Source data
□ □ □ □ □ □ □

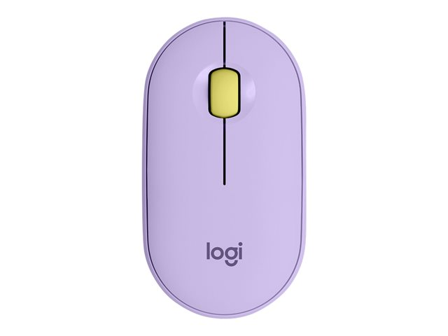 Logitech Pebble M350 - Mus - optisk - 3 knappar - trådlös - Bluetooth - trådlös USB-mottagare - lavender lemonade
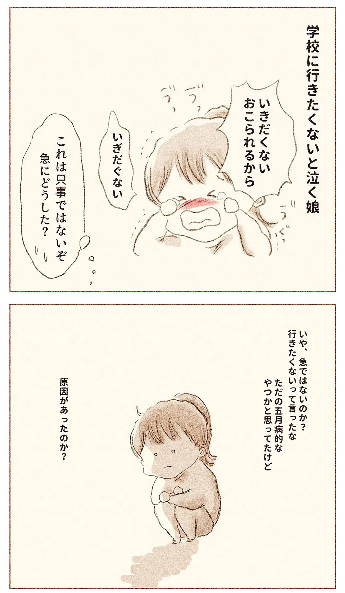 宿題のプリントを紛失。「怒られるから学校に行きたくないと」と突然娘が大泣き!? 【娘が小1で不登校になりました 先生が怖くて学校に行けない #3】 2025.09.15 LIFE マンガ試し読み娘が小1で不登校になりました 先生が怖くて学校に行けない 試し読み不登校マンガ試し読み ▶Renta!『娘が小1で不登校になりました 先生が怖くて学校に行けない』 ▶30日間無料▶ Amazonの読み放題をチェック! 【99円で2カ月間】 Audible が無制限で聴ける! ▶楽天KOBO 初回購入金額のポイント最大70倍! スポンサーリンク 次のページへ >> 1 2 3 4 【注目の記事】 1番対策が難しかった…!頬のたるみやほうれい線につながるNG食事習慣最後のひとつ 冬の寒さに負けない!そろそろ準備したい中綿アウター×【ユニクロ】バズりデニムの着こなし【40代の毎日コーデ】 【ユニクロ】カシミヤタッチニットで魅せる!旬のブラウンを効かせた洗練肩掛けテク【40代の毎日コーデ】 東大生が注意喚起!「鵜呑みにしてはいけない」SNSで「でたらめの受験情報」を発信する人の特徴とは 「東大受験が簡単!?」な難関私立高出身者。天才たちの受験勉強、その驚きの実態とは この記事は OTONA SALONE1 スポンサーリンク スポンサーリンク 【人気の関連記事】 40代。もう私、いつ死んだっていい気がするけど | あした死ぬには、#1 突然の病気。更年期障害。取れない疲労、お金の不安、これからの人生の迷い……。40代がぶち当たる「壁」をあまりにもリアルに描き出し、熱く静かな共感をさらった雁須磨子さ… 人前では「完璧な夫婦」を演じる夫。普段は私を無視してるって、誰も知らない【女40代はおそろしい#11】 40歳・フリーデザイナーの丸山ふさ子。 夫との攻防戦の末、「共働きだけど夫のほうが家事育児多め」という関係にやっとたどり着く。バリキャリ会社員のまい、起業家のかお… 年齢、たまに忘れてない?アラフォーあるあるが「共感しかない」と話題 「最近、若い頃と比べて何かが違う……」そんなモヤモヤを抱えているアラフォーのみなさん、必見!イラストレーターのRingoman(@ringo_fashion)さんがインスタグラムに投稿…
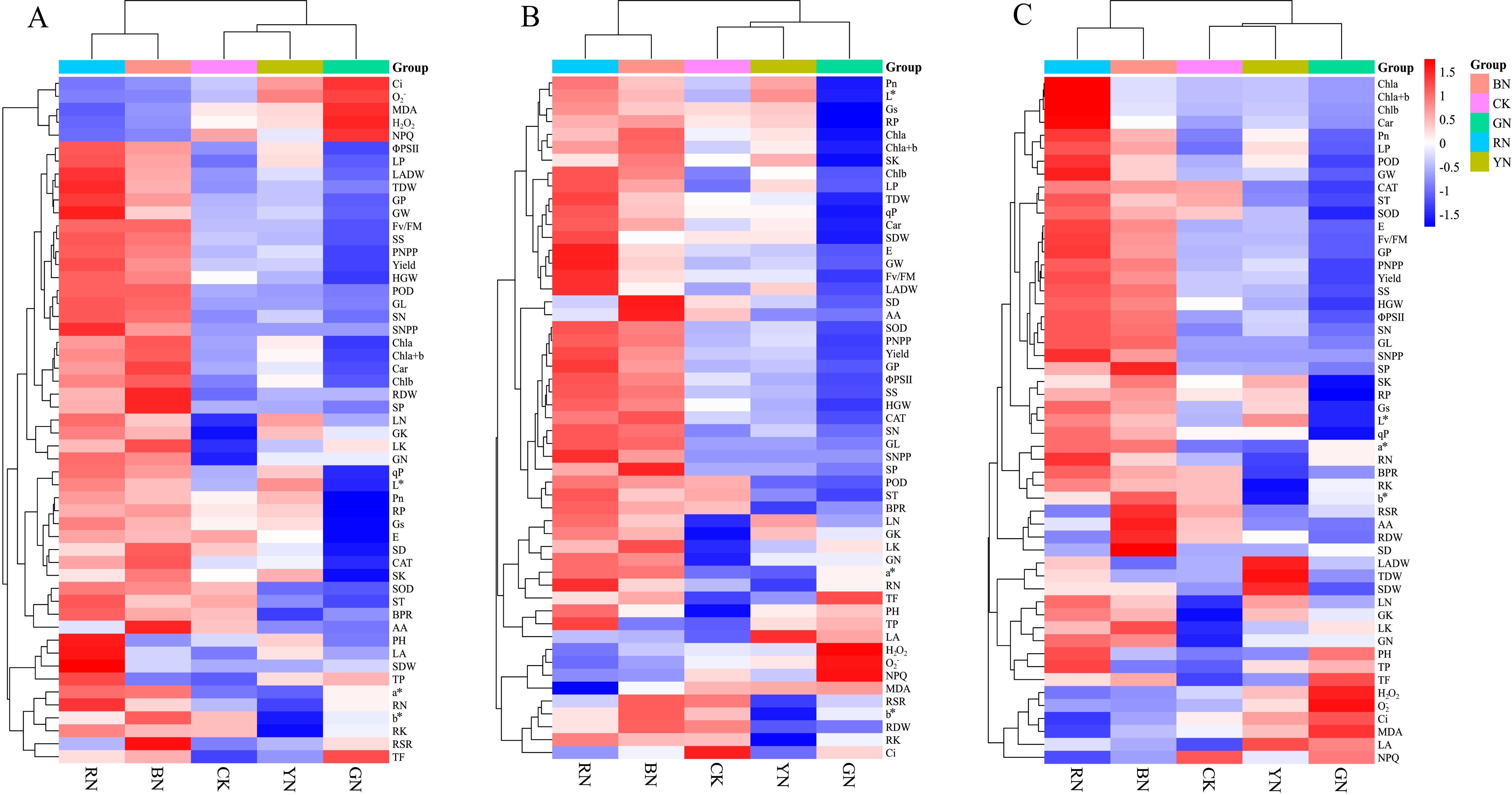 Figure 10. Cluster heat map analysis results of the phenotypic traits, photosynthetic indicators, antioxidant capacity, nutritional components, yield and quality of adzuki beans by photo-selective nets. (A) 7 days, (B) 14 days, (C) 21 days. Abbreviations of traits are listed in the abbreviations section.
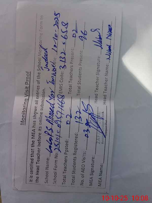 | Certified that this School was Inspected by the Undersigned MEA/DMO Today and the Information Stated Above is as Per Record. | |||||
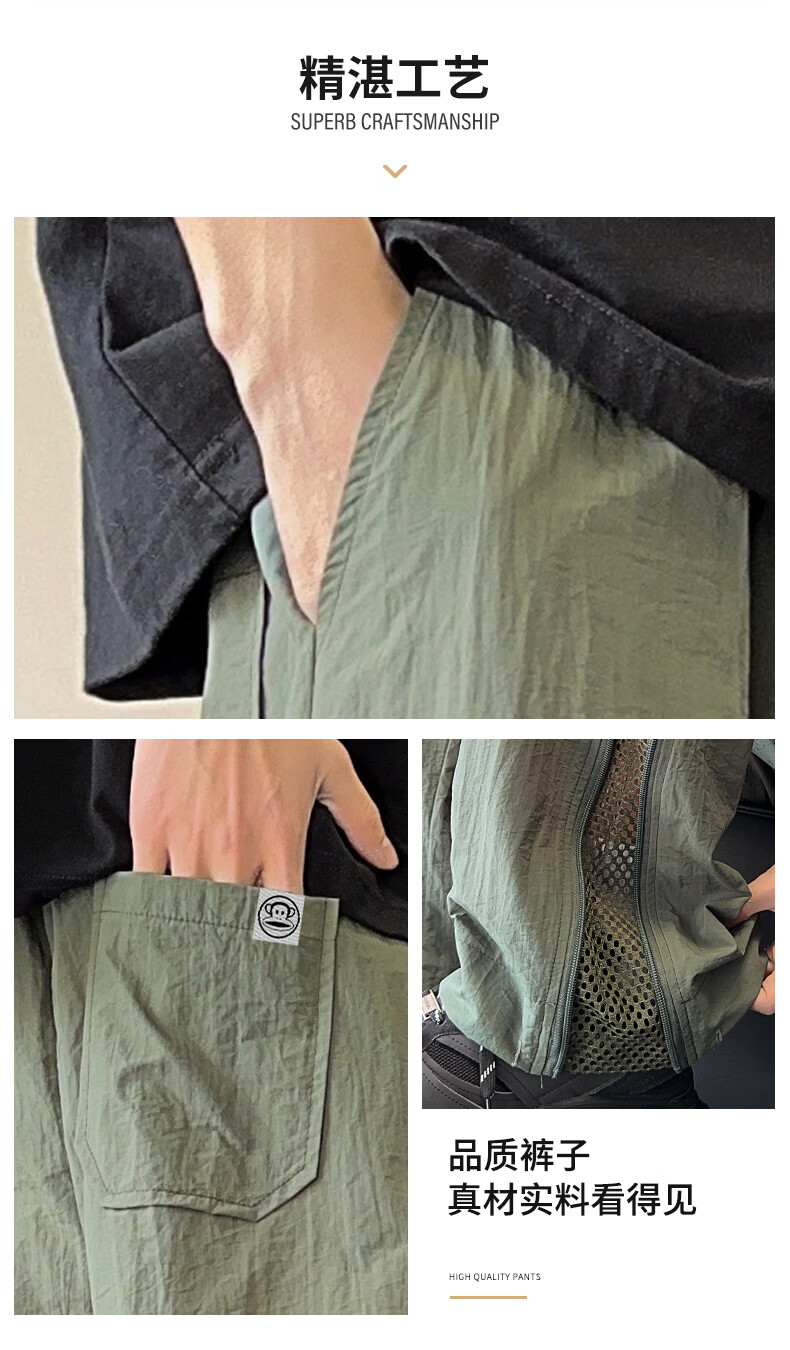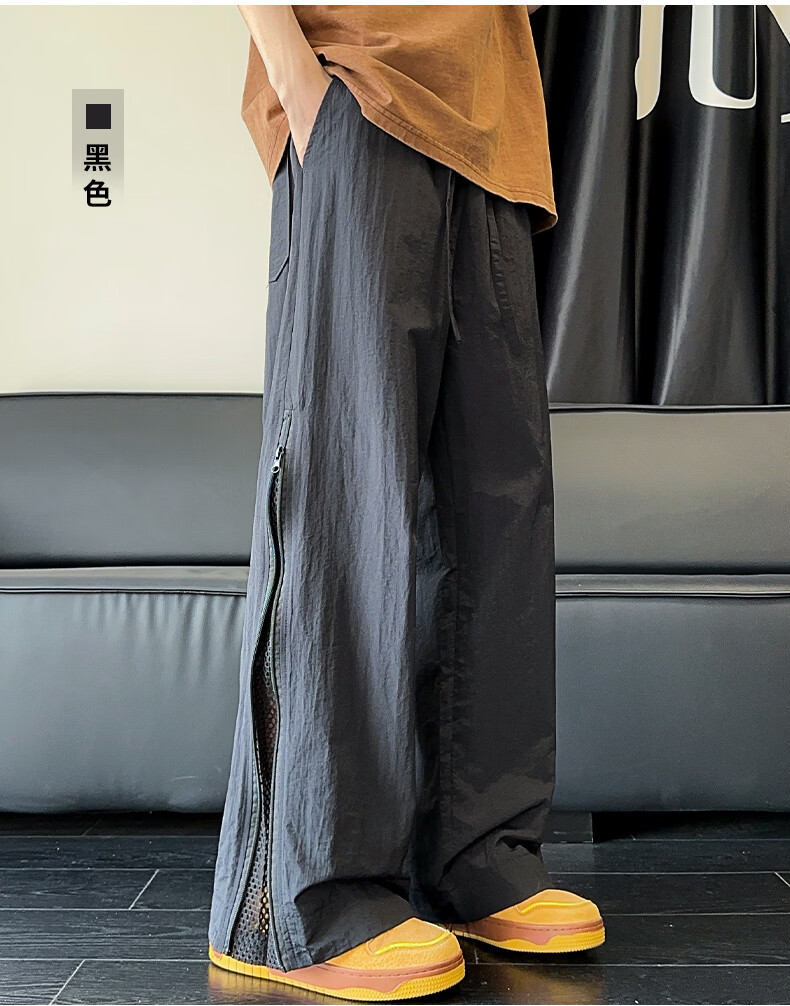 Big Mouth Monkey (paul frank) Pantalones casuales transpirables de seda de hielo Verano para hombres Nueva marca de moda Sueltos Delgados Rectos Versátiles Pantalones largos deportivos de pierna ancha Negro + Negro Descuento Paquete de dos M Recomendado 90-110 Jin Jin es igual a 0,5 kg

□ □ □ □ □ □ □

WORK TO BE COMPLETED: No pictures belong in the copy. Transcribe every entry exactly.

SOLUTION:
 Logitech Pebble M350 - Mus - optisk - 3 knappar - trådlös - Bluetooth - trådlös USB-mottagare - lavender lemonade
 宿題のプリントを紛失。「怒られるから学校に行きたくないと」と突然娘が大泣き!? 【娘が小1で不登校になりました 先生が怖くて学校に行けない #3】 2025.09.15 LIFE マンガ試し読み娘が小1で不登校になりました 先生が怖くて学校に行けない 試し読み不登校マンガ試し読み ▶Renta!『娘が小1で不登校になりました 先生が怖くて学校に行けない』 ▶30日間無料▶ Amazonの読み放題をチェック! 【99円で2カ月間】 Audible が無制限で聴ける! ▶楽天KOBO 初回購入金額のポイント最大70倍! スポンサーリンク 次のページへ >> 1 2 3 4 【注目の記事】 1番対策が難しかった…!頬のたるみやほうれい線につながるNG食事習慣最後のひとつ 冬の寒さに負けない!そろそろ準備したい中綿アウター×【ユニクロ】バズりデニムの着こなし【40代の毎日コーデ】 【ユニクロ】カシミヤタッチニットで魅せる!旬のブラウンを効かせた洗練肩掛けテク【40代の毎日コーデ】 東大生が注意喚起!「鵜呑みにしてはいけない」SNSで「でたらめの受験情報」を発信する人の特徴とは 「東大受験が簡単!?」な難関私立高出身者。天才たちの受験勉強、その驚きの実態とは この記事は OTONA SALONE1 スポンサーリンク スポンサーリンク 【人気の関連記事】 40代。もう私、いつ死んだっていい気がするけど | あした死ぬには、#1 突然の病気。更年期障害。取れない疲労、お金の不安、これからの人生の迷い……。40代がぶち当たる「壁」をあまりにもリアルに描き出し、熱く静かな共感をさらった雁須磨子さ… 人前では「完璧な夫婦」を演じる夫。普段は私を無視してるって、誰も知らない【女40代はおそろしい#11】 40歳・フリーデザイナーの丸山ふさ子。 夫との攻防戦の末、「共働きだけど夫のほうが家事育児多め」という関係にやっとたどり着く。バリキャリ会社員のまい、起業家のかお… 年齢、たまに忘れてない?アラフォーあるあるが「共感しかない」と話題 「最近、若い頃と比べて何かが違う……」そんなモヤモヤを抱えているアラフォーのみなさん、必見!イラストレーターのRingoman(@ringo_fashion)さんがインスタグラムに投稿…
 Figure 10. Cluster heat map analysis results of the phenotypic traits, photosynthetic indicators, antioxidant capacity, nutritional components, yield and quality of adzuki beans by photo-selective nets. (A) 7 days, (B) 14 days, (C) 21 days. Abbreviations of traits are listed in the abbreviations section.
 | Certified that this School was Inspected by the Undersigned MEA/DMO Today and the Information Stated Above is as Per Record. | |||||
 Big Mouth Monkey (paul frank) Pantalones casuales transpirables de seda de hielo Verano para hombres Nueva marca de moda Sueltos Delgados Rectos Versátiles Pantalones largos deportivos de pierna ancha Negro + Negro Descuento Paquete de dos M Recomendado 90-110 Jin Jin es igual a 0,5 kg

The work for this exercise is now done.